L'aède
L'Aède.
Pour fuir l'ardeur du jour, il s'était mis à l'ombre
d'un pin majestueux. Seul arbre de ce cap
torturé par les vents, dont la brise de mer
agitait le feuillage. Au-dessus de sa tête,
le crépitement sec des aiguilles froissées.
Il se sentait chez lui sur ce roc escarpé!
Nul mortel ne viendrait troubler sa solitude,
il pourrait y chanter les héros et les dieux.
Un parfum balsamique émanait de ce tronc,
chauffé par le soleil et moite de résine,
se mêlant à l'odeur enivrante, sucrée
du genêt épineux à la fleur douce-amère.
L'aède humait à pleins poumons le vent du large
aux relents de marée en décomposition,
porteur de pourriture, de miasmes, de fragrance.
Oh, l'odeur de varech! Oh, ce remugle d'algues!
Oh, ce monde mouvant, sans cesse renaissant!
Le bruit de ses troupeaux - bêlements et sonnailles
parvenait assourdi des pâquis alentour.
Venaient ici brouter des brebis et des chèvres,
cherchant avidement l'herbe maigre du lieu.

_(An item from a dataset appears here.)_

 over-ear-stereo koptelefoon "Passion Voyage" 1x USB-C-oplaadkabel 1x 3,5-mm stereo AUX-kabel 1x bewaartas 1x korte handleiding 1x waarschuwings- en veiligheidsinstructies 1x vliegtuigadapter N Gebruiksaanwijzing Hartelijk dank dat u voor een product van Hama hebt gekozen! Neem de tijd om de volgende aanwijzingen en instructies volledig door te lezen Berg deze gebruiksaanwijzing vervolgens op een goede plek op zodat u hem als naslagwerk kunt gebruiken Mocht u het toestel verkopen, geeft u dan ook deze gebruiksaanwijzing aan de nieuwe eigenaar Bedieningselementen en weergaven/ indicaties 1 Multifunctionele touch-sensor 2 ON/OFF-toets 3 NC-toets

Le berger d'Arcadie en tirait chaque jour
un lait sentant le suint. Des fruits de son jardin
faisaient son ordinaire avec quelques olives,
des galettes à l'huile embaumant le pain frais.

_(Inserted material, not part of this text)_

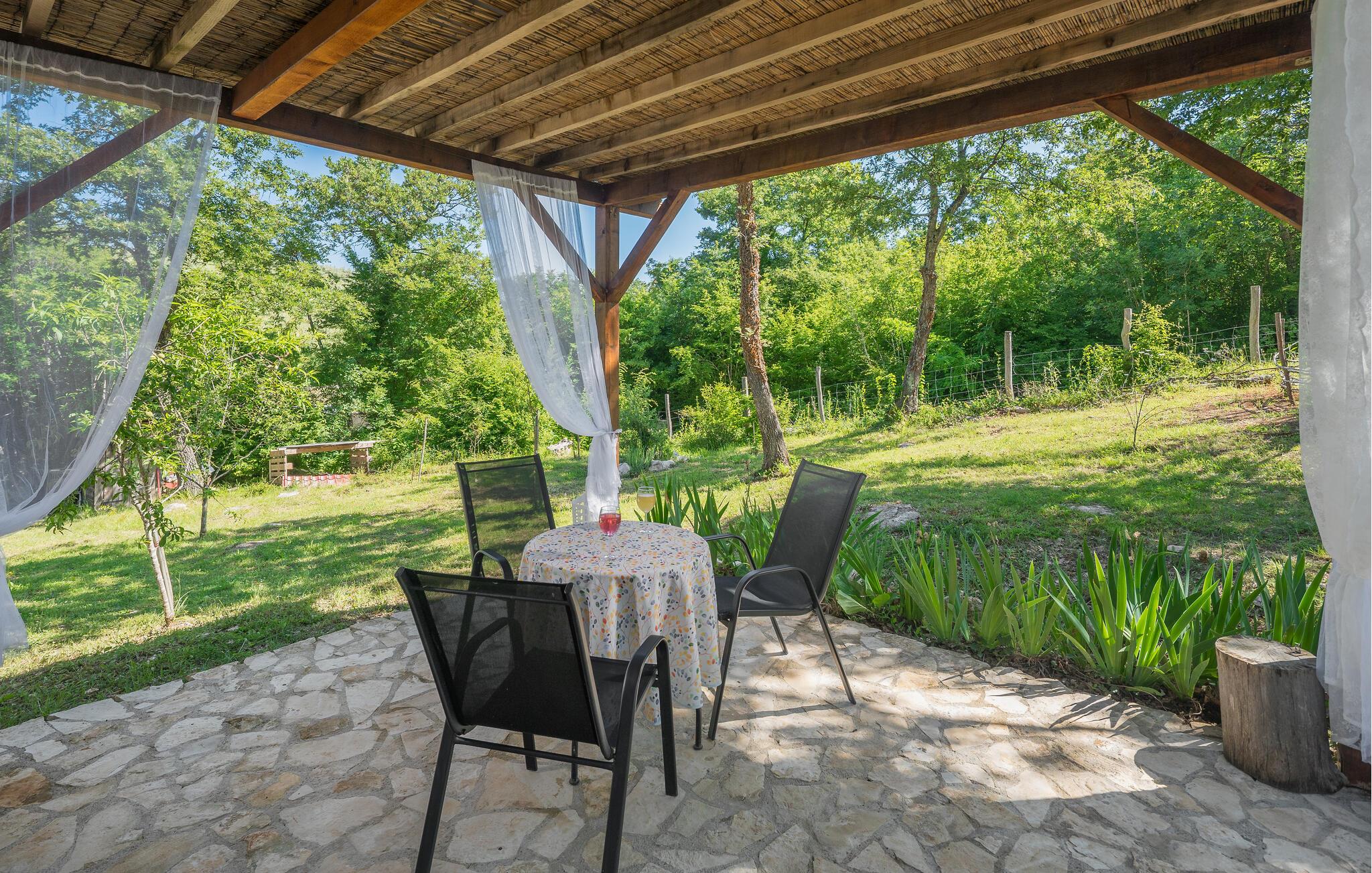 Den rummelige, indhegnede grund er en sand oase. Glæd jer til at slappe af i spabadet, lade batterierne op på liggestolen og blive fortryllet af den fredfyldte atmosfære med et glas vin udendørs om aftenen.

S'y mêlait la senteur d'herbes aromatiques:
origan, basilic, romarin, serpolet,
qu'exhalait au soleil la garrigue mouillée.
Leur odeur remontait du sol aux frondaisons.
Leur bouquet chatouillait ses narines gourmandes.
Oui, l'aède éprouvait le besoin de chanter
l'étendue océane ayant nom: mer Egée,
à laquelle une chèvre avait donné son nom.
Il disait son amour pour sa terre natale,
accompagnant son chant d'un instrument rustique,
qu'il avait fait durant les longues nuits d'hiver.
Cet arc qu'il nommait « lyre », à cinq cordes pincées,
résonnant tour à tour entre ses doigts noueux.
Les notes s'égrenant, des accords jaillissaient.
L'instrument soulignait sa lente mélopée.
Il surgissait des sons étranges, incertains
des mots venus d'ailleurs, qu'il avait dans sa tête,
qu'il tenait de son père et de ses grand parents.
Il chantait le pays, terre de ses aïeux.
Ah! Comme il eût aimé dire l'azur du ciel,
le blanc éblouissant du roc déchiqueté
par les flots furieux, ce fier promontoire où
la mer s'est imbriquée en mille indentations.
Ah, comme il eût voulu décrire la turquoise
de l'eau, des tourbillons d'écume floconneuse!
Mais hélas il n'avait jamais vu tout cela
qu'en imagination, car il était aveugle.